In the present case, the patient had airway evaluation at age of 3 months. The patient had facial hemangiomas without signs and symptoms of airway obstruction. However, direct laryngoscopy and bronchoscopy confirmed the presence of hemangiomas in the oropharyngeal and subglottic area. Propranolol therapy was started immediately as it is the best treatment of choice for IH. Hyperkalemia was developed in the patient and the patient responded well to conservative medical treatment. Hyperkalemia (without electrocardiographic changes) was reported in two children on propranolol therapy for IH. The underlying cause of the hyperkalemia is unknown, but the authors suggested that it was tumor lysis from the large ulcerated IH combined with impaired potassium uptake into cells as the result of β-blockade [9].
The second major anesthetic concern for patients with PHACE syndrome is the presence of arterial malformations that mainly involves the internal carotid artery and its embryonic branches, followed by the middle cerebral artery [10]. Usually, it occurs on the ipsilateral side of the cutaneous hemangiomas and may be present as hypoplasia, tortuosity, stenosis, and occlusion. These anomalies develop in the early embryonic life in less than 5 weeks without clear causes [11].
Clinical severity of these anomaly variables and neurological insults are rare. However, arterial ischemic stroke may occur during childhood and adulthood and may be present as seizures or hemiparesis.

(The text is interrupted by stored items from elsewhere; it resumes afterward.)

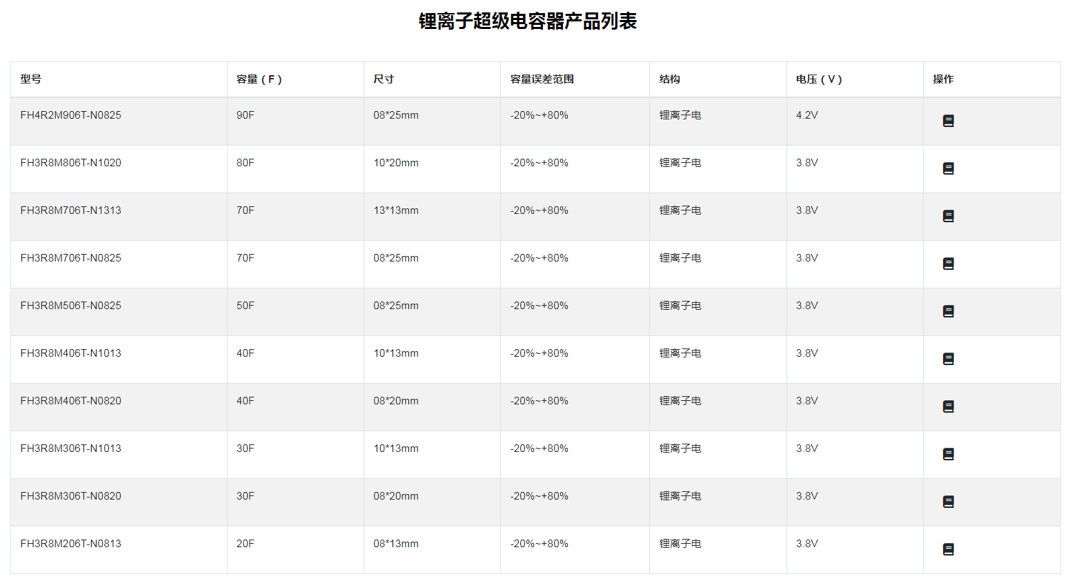 锂离子超级电容器符合AEC-Q200汽车标准条款最高功率可达2W 最低TCR为±50 ppm/℃ 适于作电流探测用电阻器如电源电路等机械强度高、高频特性优越符合RoHS指令要求符合无卤素要求◆应用* 物联网终端 GPS 定位、通信电源,NB 通信/脉冲功率电源;* 电动工具/ETC 及其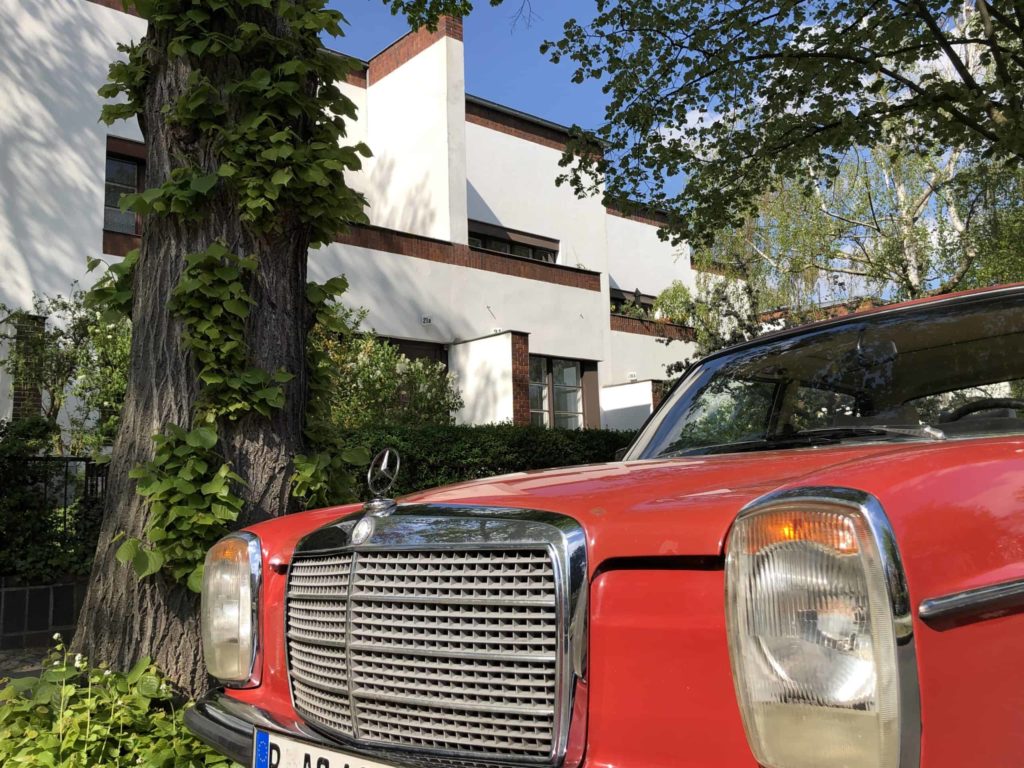Eine kleine, aber bemerkenswerte private Bauausstellung ist hier zu bewundern, beispielhaft für neue Konstruktionsweisen des Neuen Bauens. Die Architekten haben außen und auch in dem Raumprogramm innen neue Wege gefunden. Kubisch gestaffelte Baukörper mit Flachdach, keinerlei Dekor, bis auf ein paar rote Ziegelbänder alles in Weiß gehalten: Ästhetisch ist das Ergebnis sicherlich ein Schock für viele der Villen-Bewohner in Dahlem. Aber das stört die ersten Nutzer der Versuchssiedlung nicht. Und ist es nicht das beste Zeichen, wenn Architekten selbst in die Häuser einziehen, die sie bauen? Dicht beieinander, getrennt nur von dem gemeinsam genutzten und leicht zurückversetzten Atelierhaus, wohnen die Brüder Luckhardt und Alfons Anker.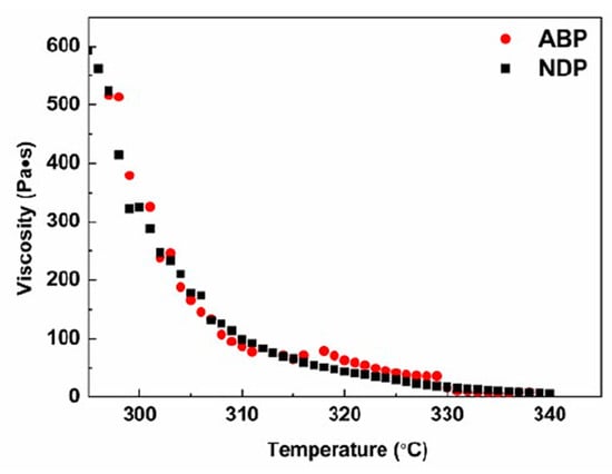 The viscosity–temperature curves of NDP and ABP are shown in Figure 5. The viscosity of both the NDP and the ABP decreased sharply with increasing temperature when the temperature was lower than 310 °C, then decreased gradually to about 330 °C, while the viscosity–temperature curves became almost flat above 330 °C because of the temperature sensitive property of the pitch. It can be seen that the viscosity–temperature curve of the ABP showed two jumping steps between 310 °C and 330 °C, which suggested that the ABP had worse spinning performance than the NDP. However, both of them had excellent spinning performance when the NDP and the ABP were spun into PFs by the melt-spinning method at 335 °C. Therefore, the results indicated that the spinnability of the ABP had not deteriorated even though it had more oxygen, which is usually considered as an impurity atom. This may be attributed to the homogenous components of the ABP, as previously mentioned.

Therefore, all patients with PHACE syndrome having a large segmental facial hemangiomas should have appropriate brain imaging to assess and exclude abnormal cerebrovascular structure [5]. Understanding the pathophysiology of cerebrovascular abnormalities is necessary to provide appropriate preoperative anesthesia management. Anesthetic goals, with the presence of these anomalies, focus on maintaining cerebral blood flow (CBF) and oxygen delivery through the smooth and deep level of anesthesia too. All predisposition factors of cerebral ischemia and seizure that may change cerebral perfusion pressure and CBF, especially at induction of anesthesia, should be prevented and managed accordingly if it is present. Neurological consultation should be considered in presence of cerebrovascular involvement for proper neurological assessment and to optimize, document, and administer preoperative anticonvulsant medications.
Cardiovascular anomalies associated with PHACE syndrome are common and may be present in 37% of patients [2]. Coarctation of the aorta and abnormal origin of the subclavian artery are the most common pathology. The other cardiac abnormalities reported include tetralogy of Fallot, septal defects, aortic arch abnormalities, and stenosis of the semilunar valves [5].
Preoperative cardiac consultation and echocardiogram assessment and arterial imaging with MRA should be considered for screening the presence of cardiovascular anomalies. Anesthetic goals focus on maintaining normal heart rate, monitoring blood pressure at proximal and distal to the obstruction to ensure adequate tissues perfusion, and control of the systemic vascular resistance.
Conclusion
PHACE syndrome is a rare disease with serious association of anomalies mainly involving airway, cerebrovascular, and cardiac structure. Appropriate preoperative assessment through history, physical examination, and investigation shows the degree of severity and clinical manifestations of these anomalies. Certain perioperative anesthetic implications should be considered mainly for difficult airway management that related to airway hemangiomas, abnormal cerebrovascular structure, mainly carotid arteries, involvement that affect CBF and results in cerebral ischemia and the association of congenital cardiac disease.